Parishioners at Grace Episcopal Church in Lexington, Virginia, attend a dedication Feb. 3 of the church’s Jonathan M. Daniels Community Room. Photo: Martha Ann Burford

[Episcopal News Service] The Diocese of Southwestern Virginia gathered in Roanoke at the end of January for its 100th anniversary convention, which was capped by a lively Eucharist on Jan. 27 with Presiding Bishop Michael Curry, who heralded the moment as a time “to anticipate the future with revival.”

About an hour northeast of the 10,000-seat Berglund Center, where Curry preached, the diocese’s congregation in Lexington, Virginia, is hoping for a revival of its own – on a smaller scale, perhaps, but with the parish’s existence and identity at stake.

For more than 100 years, the congregation had been known as the R.E. Lee Memorial Church, a tribute to the Confederate general who served as a senior warden there after the Civil War. Facing pressure from Southwestern Virginia Bishop Mark Bourlakas and from like-minded parishioners, the congregation’s vestry narrowly voted in September 2017 to change the name back to its original Grace Episcopal Church, though that resolution left a wound that is still healing.

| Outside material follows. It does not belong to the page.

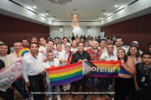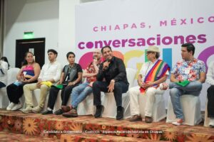También, asistió a las conversaciones de Nación Orgullo, organizado por la comunidad LGBTTTIQ+, quienes buscan la visibilización y el reconocimiento de sus derechos. Allí, dijo que ve un Chiapas incluyente y libre de discriminación, que de manera histórica ha sido excluida.

“We lost a lot of people,” the Rev. James Hubbard, interim rector, said in a phone interview. “A good number of the folks who left have come back slowly. Some have not. I’m sure some will never come back, but it was for all sorts of reasons.”

A year and a half later, the congregation is charting a way forward by emphasizing racial reconciliation. On Feb. 3, parishioners were in in a festive mood for the dedication of three newly renovated gathering spaces in the church’s undercroft, including a community room created as a “home base” for the congregation’s racial healing efforts through The Episcopal Church’s Becoming Beloved Community framework.

Johnathan M. Daniels Community Room

The Jonathan M. Daniels Community Room is part of the renovated undercroft area at Grace Episcopal Church in Lexington, Virginia. Photo: Grace Episcopal, via Facebook

The dedication ceremony, held between the congregation’s two Sunday morning services, featured a Psalm reading and a blessing: “Lord God almighty … look with favor on your servants who will gather in this clean and simple space. Enable them to communicate truth, to foster love, to uphold justice and right, and to provide enjoyment. Let them promote and support that peace between peoples.”

Grace Episcopal Church’s community room, backed by a $47,000 grant from the United Thank Offering, or UTO, is named after Jonathan Myrick Daniels, a white Episcopal seminarian who was killed in 1965 while shielding a black girl in Alabama from a shotgun blast. Daniels attended the church in Lexington while he was a cadet at the Virginia Military Institute, and The Episcopal Church honors him as a martyr on his feast day, Aug. 14.

The UTO grant application noted that the congregation in Lexington “nearly came apart” in 2017 after two years of tense debate over its name. The process of congregational soul-searching began in the wake of the 2015 massacre at a black church in Charleston, South Carolina, by a racist gunman with a fondness for Confederate symbols.

“I think the general feeling in the parish is that we have come through a very bad time but are now on the other side of it – wiser and more sober-minded, I think, for having gone through it,” Anne Hansen, a former vestry member, told Episcopal News Service by email.

Two signs

The congregation in Lexington, Virginia, changed its name from R.E. Lee Memorial Church to Grace Episcopal Church in September 2017.

Hubbard expressed hope that the congregation has begun moving past the bitter conflict over its identity and history. “I don’t think conflicts get wholly smoothed over,” he said, but “it’s a much happier place.”

The congregation took a big step forward in May when it invited monks from Holy Cross Monastery in West Park, New York, to lead parishioners in a healing and reconciliation workshop, Hubbard said. Church members who had taken opposing positions during the debate over the old name faced each other across the aisle of the church and asked for forgiveness.

“There were people with tears running right down their faces,” Hubbard said.

The congregation is working to add Beloved Community events to its schedule of activities in the community room. Even before the room’s dedication, the church had begun hosting events aimed at racial healing, such as a hymn sing that was joined by a half-dozen churches, black and white, in Lexington.

Grace Episcopal “is really solidly behind” the work of racial reconciliation, Hubbard said, adding that everyone also is still riding high after Curry’s rousing sermon at the diocesan convention.

“The parish is really pumped up, like the entire diocese is,” Hubbard said.